* **BRIEF**
Without skipping anything, write out each record below exactly.

------ SOURCE DATA

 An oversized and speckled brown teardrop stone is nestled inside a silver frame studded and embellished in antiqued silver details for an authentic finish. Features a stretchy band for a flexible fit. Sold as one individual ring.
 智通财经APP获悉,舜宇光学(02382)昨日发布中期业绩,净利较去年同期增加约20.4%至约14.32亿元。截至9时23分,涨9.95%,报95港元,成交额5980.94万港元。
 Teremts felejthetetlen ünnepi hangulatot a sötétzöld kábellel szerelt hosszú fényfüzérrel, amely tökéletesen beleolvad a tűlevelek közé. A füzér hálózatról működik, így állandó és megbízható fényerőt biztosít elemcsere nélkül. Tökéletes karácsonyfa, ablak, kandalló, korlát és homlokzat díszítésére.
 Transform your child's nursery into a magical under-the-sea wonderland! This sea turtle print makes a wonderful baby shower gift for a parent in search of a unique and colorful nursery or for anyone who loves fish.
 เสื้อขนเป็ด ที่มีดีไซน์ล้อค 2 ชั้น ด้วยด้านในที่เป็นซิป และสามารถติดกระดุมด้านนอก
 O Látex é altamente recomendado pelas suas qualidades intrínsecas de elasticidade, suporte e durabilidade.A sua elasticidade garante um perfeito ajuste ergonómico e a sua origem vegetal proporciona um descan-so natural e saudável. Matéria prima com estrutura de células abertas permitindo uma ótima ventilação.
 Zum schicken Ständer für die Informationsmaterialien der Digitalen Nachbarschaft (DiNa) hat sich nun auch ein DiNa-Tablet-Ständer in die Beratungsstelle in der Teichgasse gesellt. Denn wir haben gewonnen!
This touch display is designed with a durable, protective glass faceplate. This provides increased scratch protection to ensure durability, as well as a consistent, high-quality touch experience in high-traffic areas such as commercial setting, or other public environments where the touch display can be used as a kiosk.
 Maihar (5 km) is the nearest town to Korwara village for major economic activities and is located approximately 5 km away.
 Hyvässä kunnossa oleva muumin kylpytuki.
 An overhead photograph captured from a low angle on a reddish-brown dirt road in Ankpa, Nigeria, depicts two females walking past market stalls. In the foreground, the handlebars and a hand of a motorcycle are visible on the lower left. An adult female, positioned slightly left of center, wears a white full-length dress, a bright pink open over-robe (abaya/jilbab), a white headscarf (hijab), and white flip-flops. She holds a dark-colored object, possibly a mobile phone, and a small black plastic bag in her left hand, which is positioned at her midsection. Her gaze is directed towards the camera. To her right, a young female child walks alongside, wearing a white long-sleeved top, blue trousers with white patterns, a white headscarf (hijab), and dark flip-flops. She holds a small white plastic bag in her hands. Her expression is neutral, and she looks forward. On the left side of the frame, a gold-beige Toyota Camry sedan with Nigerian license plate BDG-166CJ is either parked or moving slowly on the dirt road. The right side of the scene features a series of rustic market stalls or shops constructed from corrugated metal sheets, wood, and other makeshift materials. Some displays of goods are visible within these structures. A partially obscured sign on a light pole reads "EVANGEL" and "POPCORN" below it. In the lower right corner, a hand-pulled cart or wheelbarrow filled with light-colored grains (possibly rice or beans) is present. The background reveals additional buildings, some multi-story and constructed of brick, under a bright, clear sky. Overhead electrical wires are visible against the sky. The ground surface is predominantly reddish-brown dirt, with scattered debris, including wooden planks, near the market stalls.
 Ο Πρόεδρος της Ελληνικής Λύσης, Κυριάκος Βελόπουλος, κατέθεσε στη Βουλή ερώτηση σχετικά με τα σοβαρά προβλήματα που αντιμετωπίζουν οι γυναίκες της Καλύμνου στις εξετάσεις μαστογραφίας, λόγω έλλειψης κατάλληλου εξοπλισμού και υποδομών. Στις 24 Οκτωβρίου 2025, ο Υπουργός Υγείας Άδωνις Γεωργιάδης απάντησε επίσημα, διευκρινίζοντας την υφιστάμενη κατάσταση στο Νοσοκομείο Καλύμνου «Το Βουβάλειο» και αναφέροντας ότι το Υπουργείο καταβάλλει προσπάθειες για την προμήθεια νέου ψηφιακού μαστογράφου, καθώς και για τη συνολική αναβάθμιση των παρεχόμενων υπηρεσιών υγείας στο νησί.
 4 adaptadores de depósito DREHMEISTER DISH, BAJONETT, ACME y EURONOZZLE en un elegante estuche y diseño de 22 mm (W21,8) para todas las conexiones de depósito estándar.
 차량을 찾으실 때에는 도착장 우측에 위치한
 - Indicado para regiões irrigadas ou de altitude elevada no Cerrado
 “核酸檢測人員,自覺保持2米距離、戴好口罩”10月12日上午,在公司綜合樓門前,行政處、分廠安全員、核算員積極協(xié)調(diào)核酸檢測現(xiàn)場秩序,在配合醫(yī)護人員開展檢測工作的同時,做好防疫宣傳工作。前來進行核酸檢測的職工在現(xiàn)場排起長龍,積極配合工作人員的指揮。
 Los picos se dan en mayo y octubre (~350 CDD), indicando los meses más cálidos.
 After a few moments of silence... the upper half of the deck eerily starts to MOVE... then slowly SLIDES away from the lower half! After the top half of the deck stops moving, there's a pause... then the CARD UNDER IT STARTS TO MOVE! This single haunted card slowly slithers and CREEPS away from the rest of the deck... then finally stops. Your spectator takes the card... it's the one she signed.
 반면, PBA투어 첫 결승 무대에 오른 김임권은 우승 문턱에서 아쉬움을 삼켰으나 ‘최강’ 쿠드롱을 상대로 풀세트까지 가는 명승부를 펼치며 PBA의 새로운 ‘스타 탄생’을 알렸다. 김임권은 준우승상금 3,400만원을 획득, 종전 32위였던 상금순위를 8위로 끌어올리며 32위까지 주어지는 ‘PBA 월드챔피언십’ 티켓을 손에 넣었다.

------------

* **ANSWER BOX**
 An oversized and speckled brown teardrop stone is nestled inside a silver frame studded and embellished in antiqued silver details for an authentic finish. Features a stretchy band for a flexible fit. Sold as one individual ring.
 智通财经APP获悉,舜宇光学(02382)昨日发布中期业绩,净利较去年同期增加约20.4%至约14.32亿元。截至9时23分,涨9.95%,报95港元,成交额5980.94万港元。
 Teremts felejthetetlen ünnepi hangulatot a sötétzöld kábellel szerelt hosszú fényfüzérrel, amely tökéletesen beleolvad a tűlevelek közé. A füzér hálózatról működik, így állandó és megbízható fényerőt biztosít elemcsere nélkül. Tökéletes karácsonyfa, ablak, kandalló, korlát és homlokzat díszítésére.
 Transform your child's nursery into a magical under-the-sea wonderland! This sea turtle print makes a wonderful baby shower gift for a parent in search of a unique and colorful nursery or for anyone who loves fish.
 เสื้อขนเป็ด ที่มีดีไซน์ล้อค 2 ชั้น ด้วยด้านในที่เป็นซิป และสามารถติดกระดุมด้านนอก
 O Látex é altamente recomendado pelas suas qualidades intrínsecas de elasticidade, suporte e durabilidade.A sua elasticidade garante um perfeito ajuste ergonómico e a sua origem vegetal proporciona um descan-so natural e saudável. Matéria prima com estrutura de células abertas permitindo uma ótima ventilação.
 Zum schicken Ständer für die Informationsmaterialien der Digitalen Nachbarschaft (DiNa) hat sich nun auch ein DiNa-Tablet-Ständer in die Beratungsstelle in der Teichgasse gesellt. Denn wir haben gewonnen!
This touch display is designed with a durable, protective glass faceplate. This provides increased scratch protection to ensure durability, as well as a consistent, high-quality touch experience in high-traffic areas such as commercial setting, or other public environments where the touch display can be used as a kiosk.
 Maihar (5 km) is the nearest town to Korwara village for major economic activities and is located approximately 5 km away.
 Hyvässä kunnossa oleva muumin kylpytuki.
 An overhead photograph captured from a low angle on a reddish-brown dirt road in Ankpa, Nigeria, depicts two females walking past market stalls. In the foreground, the handlebars and a hand of a motorcycle are visible on the lower left. An adult female, positioned slightly left of center, wears a white full-length dress, a bright pink open over-robe (abaya/jilbab), a white headscarf (hijab), and white flip-flops. She holds a dark-colored object, possibly a mobile phone, and a small black plastic bag in her left hand, which is positioned at her midsection. Her gaze is directed towards the camera. To her right, a young female child walks alongside, wearing a white long-sleeved top, blue trousers with white patterns, a white headscarf (hijab), and dark flip-flops. She holds a small white plastic bag in her hands. Her expression is neutral, and she looks forward. On the left side of the frame, a gold-beige Toyota Camry sedan with Nigerian license plate BDG-166CJ is either parked or moving slowly on the dirt road. The right side of the scene features a series of rustic market stalls or shops constructed from corrugated metal sheets, wood, and other makeshift materials. Some displays of goods are visible within these structures. A partially obscured sign on a light pole reads "EVANGEL" and "POPCORN" below it. In the lower right corner, a hand-pulled cart or wheelbarrow filled with light-colored grains (possibly rice or beans) is present. The background reveals additional buildings, some multi-story and constructed of brick, under a bright, clear sky. Overhead electrical wires are visible against the sky. The ground surface is predominantly reddish-brown dirt, with scattered debris, including wooden planks, near the market stalls.
 Ο Πρόεδρος της Ελληνικής Λύσης, Κυριάκος Βελόπουλος, κατέθεσε στη Βουλή ερώτηση σχετικά με τα σοβαρά προβλήματα που αντιμετωπίζουν οι γυναίκες της Καλύμνου στις εξετάσεις μαστογραφίας, λόγω έλλειψης κατάλληλου εξοπλισμού και υποδομών. Στις 24 Οκτωβρίου 2025, ο Υπουργός Υγείας Άδωνις Γεωργιάδης απάντησε επίσημα, διευκρινίζοντας την υφιστάμενη κατάσταση στο Νοσοκομείο Καλύμνου «Το Βουβάλειο» και αναφέροντας ότι το Υπουργείο καταβάλλει προσπάθειες για την προμήθεια νέου ψηφιακού μαστογράφου, καθώς και για τη συνολική αναβάθμιση των παρεχόμενων υπηρεσιών υγείας στο νησί.
 4 adaptadores de depósito DREHMEISTER DISH, BAJONETT, ACME y EURONOZZLE en un elegante estuche y diseño de 22 mm (W21,8) para todas las conexiones de depósito estándar.
 차량을 찾으실 때에는 도착장 우측에 위치한
 - Indicado para regiões irrigadas ou de altitude elevada no Cerrado
 “核酸檢測人員,自覺保持2米距離、戴好口罩”10月12日上午,在公司綜合樓門前,行政處、分廠安全員、核算員積極協(xié)調(diào)核酸檢測現(xiàn)場秩序,在配合醫(yī)護人員開展檢測工作的同時,做好防疫宣傳工作。前來進行核酸檢測的職工在現(xiàn)場排起長龍,積極配合工作人員的指揮。
 Los picos se dan en mayo y octubre (~350 CDD), indicando los meses más cálidos.
 After a few moments of silence... the upper half of the deck eerily starts to MOVE... then slowly SLIDES away from the lower half! After the top half of the deck stops moving, there's a pause... then the CARD UNDER IT STARTS TO MOVE! This single haunted card slowly slithers and CREEPS away from the rest of the deck... then finally stops. Your spectator takes the card... it's the one she signed.
 반면, PBA투어 첫 결승 무대에 오른 김임권은 우승 문턱에서 아쉬움을 삼켰으나 ‘최강’ 쿠드롱을 상대로 풀세트까지 가는 명승부를 펼치며 PBA의 새로운 ‘스타 탄생’을 알렸다. 김임권은 준우승상금 3,400만원을 획득, 종전 32위였던 상금순위를 8위로 끌어올리며 32위까지 주어지는 ‘PBA 월드챔피언십’ 티켓을 손에 넣었다.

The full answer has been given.